CONCLUSION: Despite significantly high levels of Cr and UA in the case group, no significant correlation was found between serum Cr, UA, sUA/Cr ratio, BUN, and GFR with spirometric values. Further studies are required to reveal the underlying molecular and clinical significance of these findings.

Introduction

Exposure to Sulfur mustard (SM) as a chemical blistering weapon could induce a variety of manifestations in mankind including dermal, ocular, pulmonary, gastrointestinal, hematological, and reproductive toxicity (1, 2). The molecular pathogenesis is the impairment of the major cellular components such as DNA, RNA, lipids, carbohydrates, and proteins, leading to biological consequences in the majority of tissues in the body (3, 4). Graphical studies of the whole body have detected SM in the liver and kidneys, following intravenous and percutaneous injections (5).

The kidney could be affected by reactive oxygen species (ROS) due to the profound amount of long-chain polyunsaturated fatty acids (LCPs) in renal lipids. Therefore, alkylating of subcellular components following SM exposure leads to metabolic disruption and induces oxidative stress in the kidney. A molecular chain of this induced oxidative stress causes the formation of ROS, lipid peroxidation, and protein oxidation, and sets up a rise in antioxidant enzymes, such as glutathione-S-transferase, superoxide dismutase, and catalase (6).

Serum concentrations of creatinine (Cr), uric acid (UA), and Blood urea nitrogen (BUN) reveal renal function. Among them, Cr is the one most commonly used for evaluation of renal dysfunction (7). Moreover, UA is used not only for the assessment of renal function but also considered to be a marker reflecting hypoxic status (8). Alongside with application of these markers for renal function, currently growing numbers of studies evaluating serum UA to Cr ratio (sUA/Cr ratio) as a marker in pulmonary disorders such as Chronic Obstructive Pulmonary Disease (COPD). A higher level of this ratio was associated with abnormally low spirometric values and a high level of dyspnea. In addition, this ratio was higher in COPD patients than in healthy subjects (9, 10).

Despite extensive research for evaluating the dermal, pulmonary, and ocular complications of SM toxicity, there are few studies about its renal side effects. To the best of our knowledge, no study has been conducted yet to assess the correlation between renal function biomarkers with spirometric values in SM-exposed patients.

Therefore, the aim of current study was to assess the chronic effects of SM in victims of this warfare agent, in the 20 years after the first exposure.

Materials and Methods

Study Design, Participants, and Clinical Evaluation

We have explained study design in detail in our publication on the Sardasht-Iran Cohort Study (SICS) (11). We included 355 SM-exposed subjects from the city of Sardasht (Sardasht County, West Azerbaijan Province, Iran) and 123 control subjects from the city of Rabat (Central District of Sardasht County, West Azerbaijan Province, Iran) in 2006, after a full explanation to all subjects and signing of written consent by all.

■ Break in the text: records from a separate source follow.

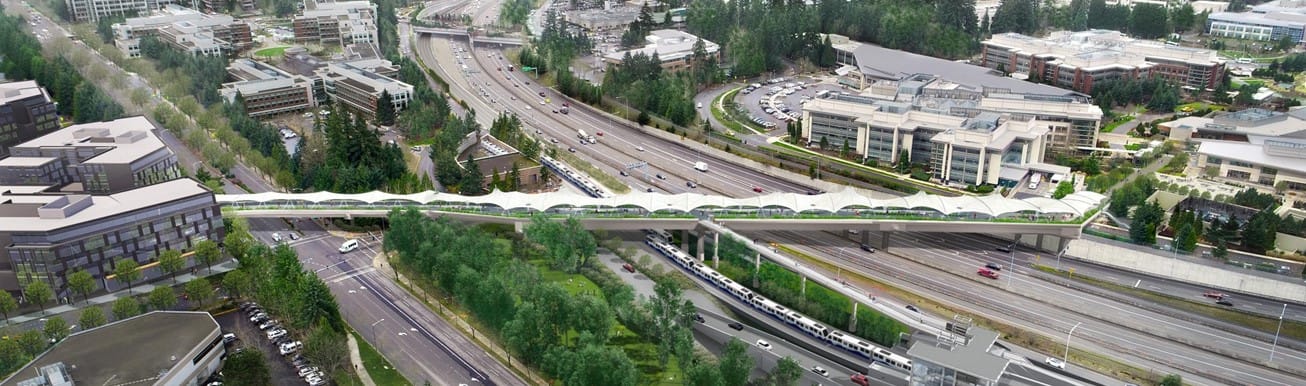 East Link’s start of service also coincides with a number of pedestrian and bicycle access improvements along the route, from the new Eastrail bridge over NE 8th Street in Bellevue, to a pedestrian and bike bridge over SR 520 at Overlake Village Station in Redmond, to the massive Microsoft-funded covered overpass connecting to Redmond Technology Center Station that provides a direct connection between the 520 Trail and the light rail station.
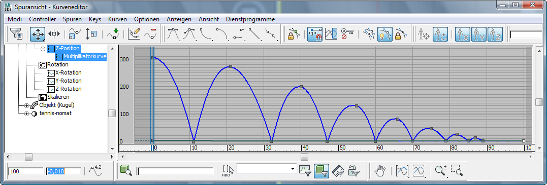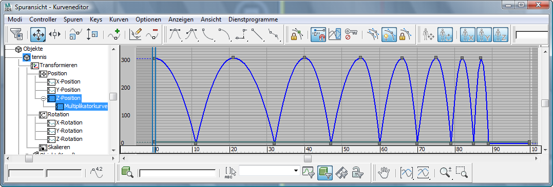 Die Multiplikatorkurve "dämpft" jetzt den Sprung des Tennisballs, um den Energieverlust während der Bewegung und beim Abprall vom Boden wiederzugeben.
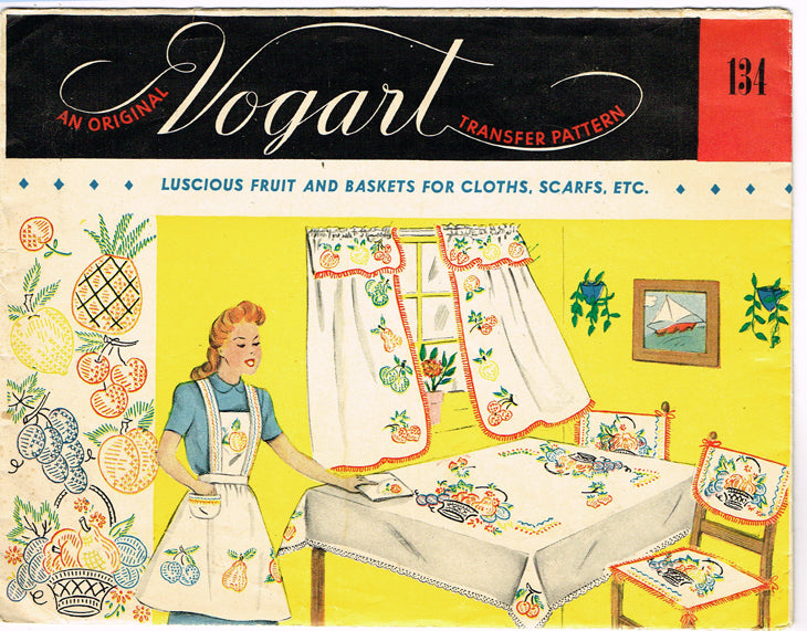 1950s Vintage Vogart Embroidery Transfer 134 Uncut Fruit Basket Kitchen Motifs

An approval of this study was received from the Ministry of Health and Medical Education (Iran) and the Research Board for Ethics in Research Center for Janbazan Medical and Engineering.

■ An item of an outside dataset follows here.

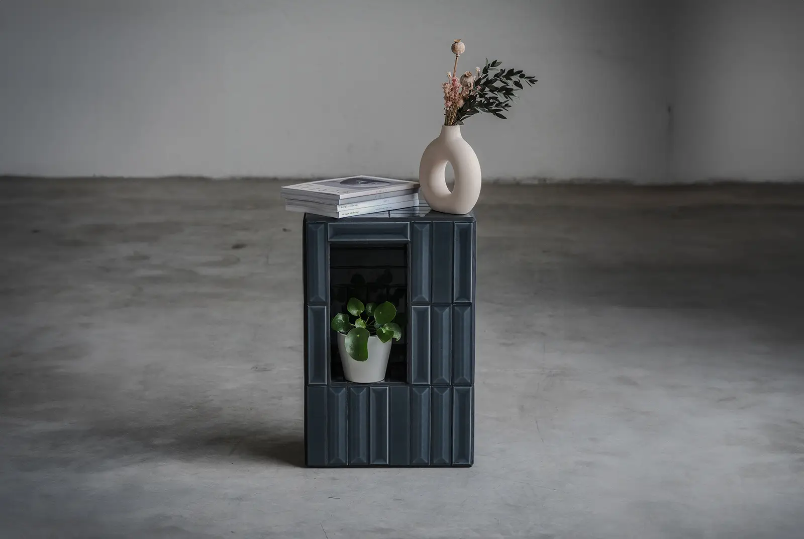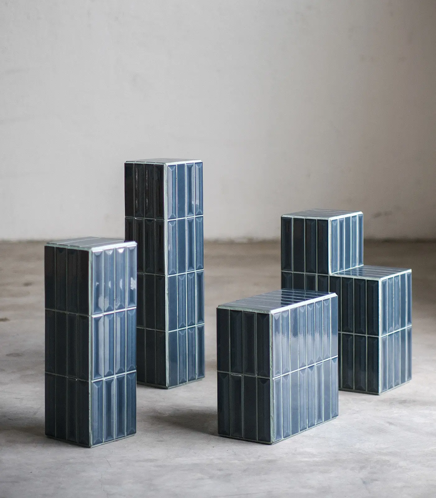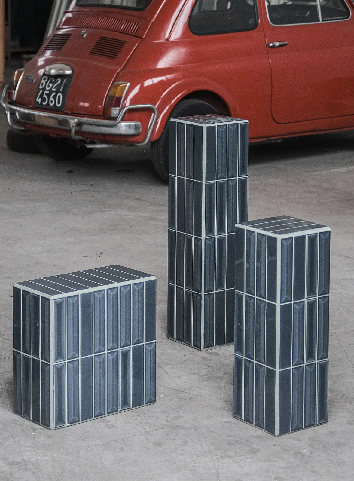 Metropolitan Waves is an imaginative series of four elements designed on the basis of the modularity of three-dimensional blue tiles. These four elements can rotate and integrate freely, allowing the creation of compositions adaptable to any environment, perhaps even to street furniture. The name of the project draws inspiration from the changing skyline of metropolitan cities and these small skyscrapers can be used as pedestals, free-standing tables or parts of more complex compositions. Special attention is paid to the colour of the joints, in chromatic harmony with the objects themselves. This reuse initiative also promotes an ethical and conscious approach to design.

All subjects underwent spirometric evaluation based on the American Thoracic Society criteria (12), using spirometry (HI-801; Central Sports, Tokyo, Japan) by a senior trained nurse. The measurements were repeated three times for each case and the best one was chosen for the final analysis. Global initiative for chronic obstructive lung disease (GOLD classification) was applied to categorize the severity of pulmonary function in the subjects (13, 14).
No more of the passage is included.